Frits Philips was a Dutch businessman who saved thousands of Jewish employees during the Nazi occupation of Holland.
Frits was born to a prosperous family in the Netherlands in 1905. His father and uncle owned the Philips electronics company, founded as one of the earliest successful lightbulb manufacturers in 1891and over the next few decades branching out into other products, such as vacuum tubes and radio technology.
A friendly, intelligent boy with a deep Christian faith, Frits attended Delft University of Technology, where he received a degree in mechanical engineering in 1929. That same year, he married Sylvia van Lennep, with whom he would have seven children.
Frits and Sylvia were introduced to the Oxford Group, a Christian organization founded by Frank Buchman, an American Lutheran minister. Buchman believed that all human problems stem from fear and selfishness, and the only way to overcome these destructive influences is to “surrender one’s life to God’s plan.” Buchman’s teachings were a strong influence on Alcoholics Anonymous and the twelve-step method for achieving freedom from addiction.
In 1935, Frits was appointed to the board of Philips and began serving as vice-director. Meanwhile, in nearby Germany the Nazi party rose to power. Hitler invaded Poland in 1939, and by early 1940 it became apparent that he would soon invade the Netherlands. At this point, most of the Philips family left the Netherlands and moved to the United States. Frits was unwilling to abandon the Philips company and workers, and he alone stayed behind to “mind the store,” successfully leading the company through the turbulent war years.

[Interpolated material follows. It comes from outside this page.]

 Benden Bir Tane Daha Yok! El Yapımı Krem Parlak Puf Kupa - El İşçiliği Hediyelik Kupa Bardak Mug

As the boss of Philips, Frits was both liked and respected by his thousands of employees. He truly cared for them and made sure they were well paid and enjoyed good working conditions. As the Nazi occupiers began arresting, deporting, and murdering Jews, Frits immediately pledged to do whatever necessary to support his many Jewish employees.
He separated the Jews from the rest of the workers, making sure they worked in a protected location. He gave them food rations, which became known as “Philips-prak” named after a popular Dutch meal of soup, mashed potatoes, carrots and meat. The Philips company was forced by the Nazi occupiers to contribute to the war effort, and Frits used this to protect the Jewish workers. He convinced the Germans that the Jewish workers at Philips were absolutely indispensable, and that factory productivity would plummet without them at the company. For this reason, 382 Jews were saved from deportation and continued working for Frits until the occupation ended.

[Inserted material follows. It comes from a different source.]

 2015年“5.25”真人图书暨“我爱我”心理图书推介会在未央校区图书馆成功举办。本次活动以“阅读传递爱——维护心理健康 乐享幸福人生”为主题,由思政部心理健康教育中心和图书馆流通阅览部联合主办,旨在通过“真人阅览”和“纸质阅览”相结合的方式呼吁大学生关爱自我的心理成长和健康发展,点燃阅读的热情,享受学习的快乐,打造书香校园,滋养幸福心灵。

In 1943, Philips factory employees went on strike to protest the Nazi occupation, and as their boss, Frits bore the brunt of the punishment: he was incarcerated in Camp Vught, the only SS concentration camp outside of Germany. After spending three months in brutal conditions at Vught, Frits was released. Now that he and his workers were being watched, Frits worried that he wouldn’t be able to protect his Jewish employees from deportation. At this point, he opened a Philips lightbulb factory in Norrkoeping, Sweden, and began transferring the Jews there, knowing they’d be safe in Sweden, a neutral country. After the war ended, Frits kept the factory open to employ Jews who’d been liberated from the camps and had nowhere to go.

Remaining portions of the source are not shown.